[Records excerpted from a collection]
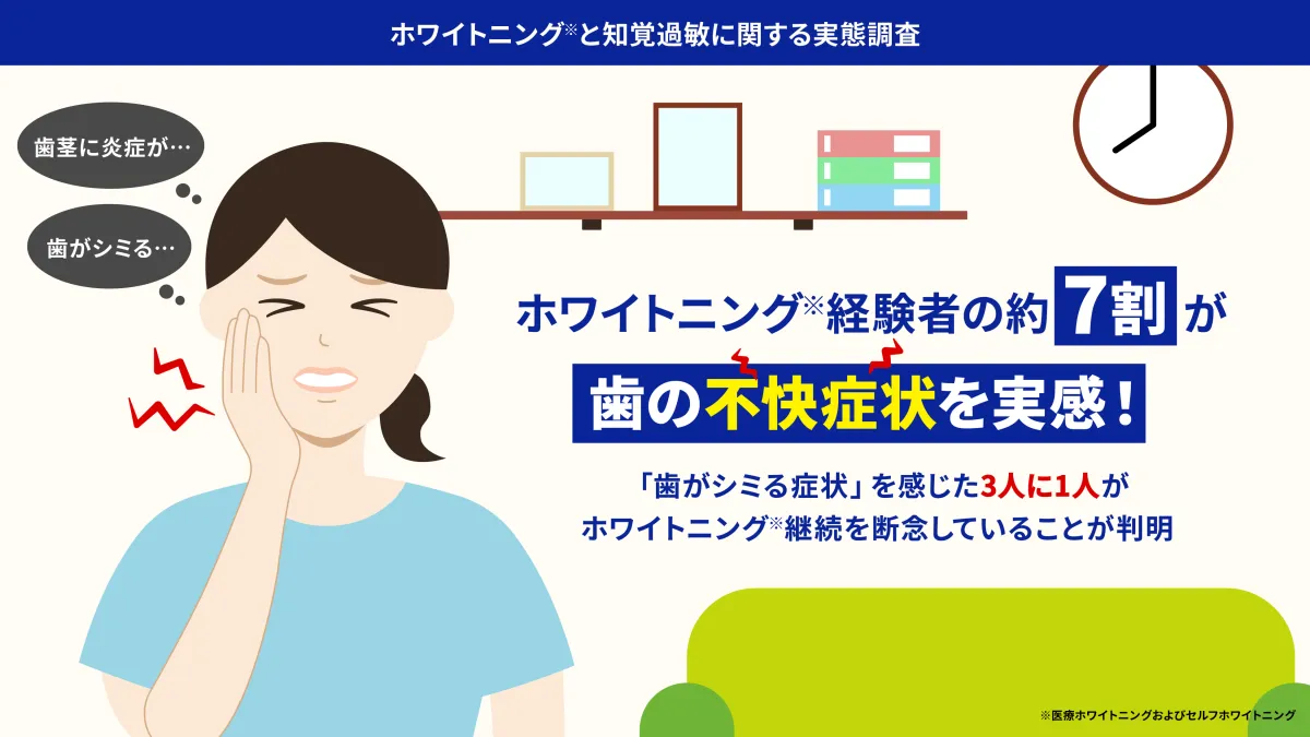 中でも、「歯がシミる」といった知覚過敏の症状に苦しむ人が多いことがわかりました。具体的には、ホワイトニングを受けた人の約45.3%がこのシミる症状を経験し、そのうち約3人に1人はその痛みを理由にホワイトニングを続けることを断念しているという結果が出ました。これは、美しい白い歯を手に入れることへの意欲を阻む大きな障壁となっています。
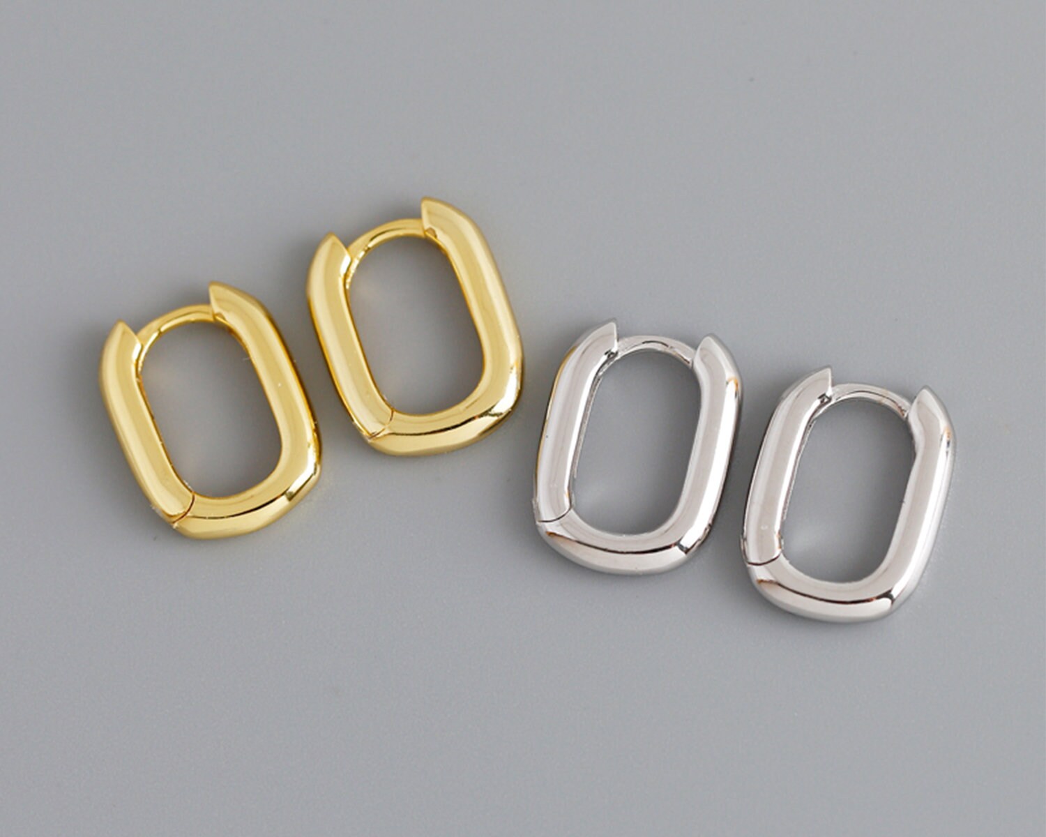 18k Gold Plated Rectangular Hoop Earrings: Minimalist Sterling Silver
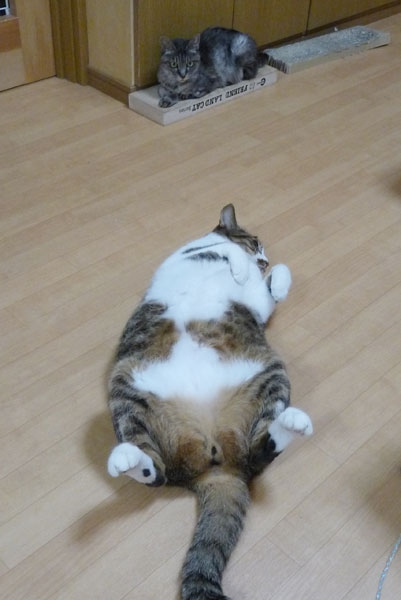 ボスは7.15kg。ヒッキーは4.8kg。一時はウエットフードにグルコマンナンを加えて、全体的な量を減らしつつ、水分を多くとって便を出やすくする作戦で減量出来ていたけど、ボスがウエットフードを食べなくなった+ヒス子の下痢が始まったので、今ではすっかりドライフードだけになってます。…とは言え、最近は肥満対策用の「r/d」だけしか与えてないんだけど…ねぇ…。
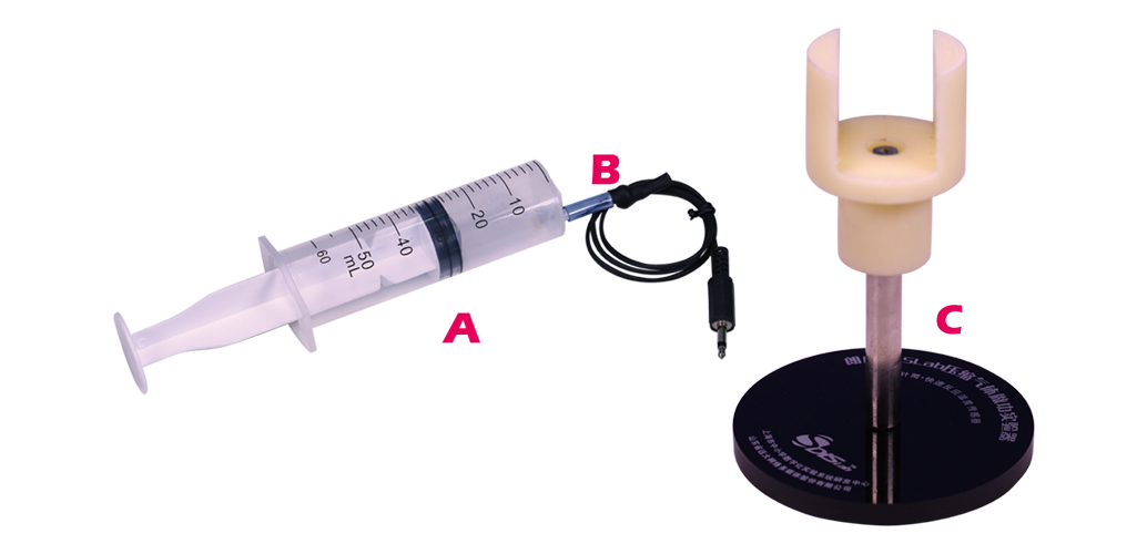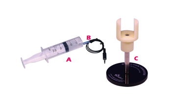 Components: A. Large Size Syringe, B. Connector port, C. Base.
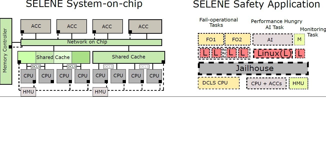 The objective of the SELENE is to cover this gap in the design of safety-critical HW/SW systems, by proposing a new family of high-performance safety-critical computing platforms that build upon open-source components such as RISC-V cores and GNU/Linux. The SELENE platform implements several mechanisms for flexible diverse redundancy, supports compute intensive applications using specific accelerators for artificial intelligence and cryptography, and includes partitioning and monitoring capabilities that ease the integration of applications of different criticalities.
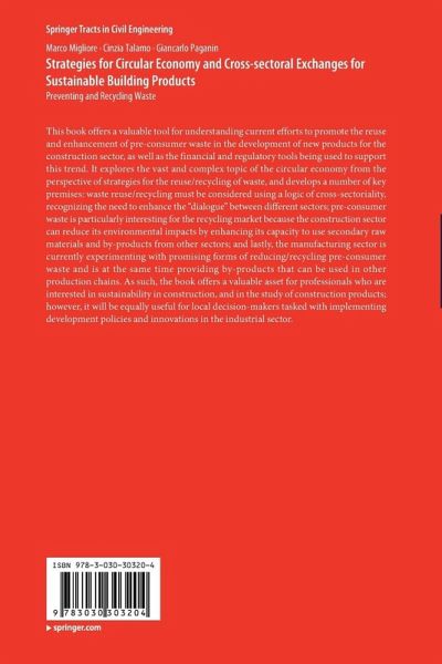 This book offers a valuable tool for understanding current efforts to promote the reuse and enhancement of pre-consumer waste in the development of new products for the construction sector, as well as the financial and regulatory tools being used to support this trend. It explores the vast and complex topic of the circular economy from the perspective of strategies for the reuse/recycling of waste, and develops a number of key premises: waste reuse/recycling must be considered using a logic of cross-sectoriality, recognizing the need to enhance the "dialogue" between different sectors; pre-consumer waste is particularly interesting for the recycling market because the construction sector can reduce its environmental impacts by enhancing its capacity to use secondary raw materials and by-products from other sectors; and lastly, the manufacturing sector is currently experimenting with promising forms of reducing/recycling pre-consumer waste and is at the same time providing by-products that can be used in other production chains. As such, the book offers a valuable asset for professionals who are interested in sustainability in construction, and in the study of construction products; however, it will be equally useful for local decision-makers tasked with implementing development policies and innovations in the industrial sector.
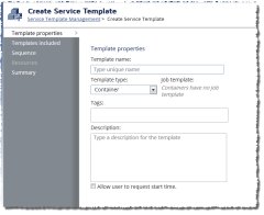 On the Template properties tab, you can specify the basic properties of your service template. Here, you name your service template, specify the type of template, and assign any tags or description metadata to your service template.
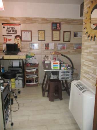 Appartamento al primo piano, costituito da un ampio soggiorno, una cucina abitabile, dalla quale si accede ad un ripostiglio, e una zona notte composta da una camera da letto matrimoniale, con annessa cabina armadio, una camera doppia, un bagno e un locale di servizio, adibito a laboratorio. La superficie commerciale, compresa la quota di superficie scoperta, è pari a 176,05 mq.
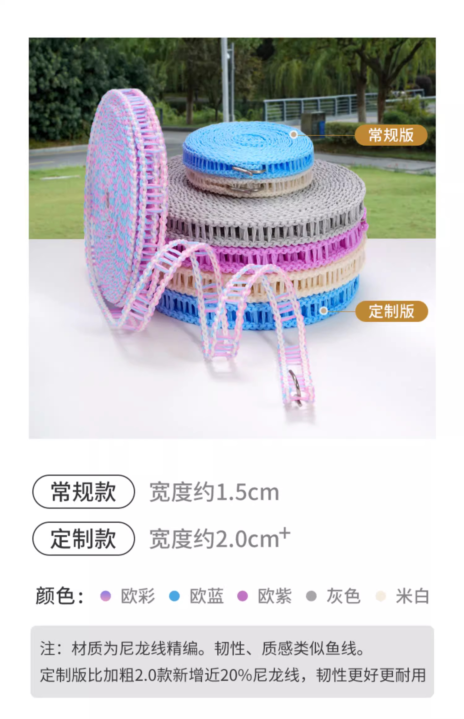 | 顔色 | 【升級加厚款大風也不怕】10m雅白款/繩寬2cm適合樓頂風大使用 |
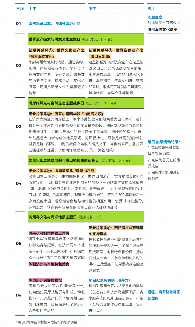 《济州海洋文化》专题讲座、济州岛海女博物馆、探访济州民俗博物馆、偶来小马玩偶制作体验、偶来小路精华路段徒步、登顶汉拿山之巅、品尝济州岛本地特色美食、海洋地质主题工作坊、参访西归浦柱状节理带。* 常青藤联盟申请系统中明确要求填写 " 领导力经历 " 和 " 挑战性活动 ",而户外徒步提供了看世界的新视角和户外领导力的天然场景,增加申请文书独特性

■ How to complete this task ■
Above are the records; set down exactly the lines from the line containing "顔色 | 【升級加厚款大風也不怕】10m雅白款/繩寬2cm適合樓頂風大使用 |" through their last line, leaving every picture out.

■ Output for this exercise ■
 | 顔色 | 【升級加厚款大風也不怕】10m雅白款/繩寬2cm適合樓頂風大使用 |
 《济州海洋文化》专题讲座、济州岛海女博物馆、探访济州民俗博物馆、偶来小马玩偶制作体验、偶来小路精华路段徒步、登顶汉拿山之巅、品尝济州岛本地特色美食、海洋地质主题工作坊、参访西归浦柱状节理带。* 常青藤联盟申请系统中明确要求填写 " 领导力经历 " 和 " 挑战性活动 ",而户外徒步提供了看世界的新视角和户外领导力的天然场景,增加申请文书独特性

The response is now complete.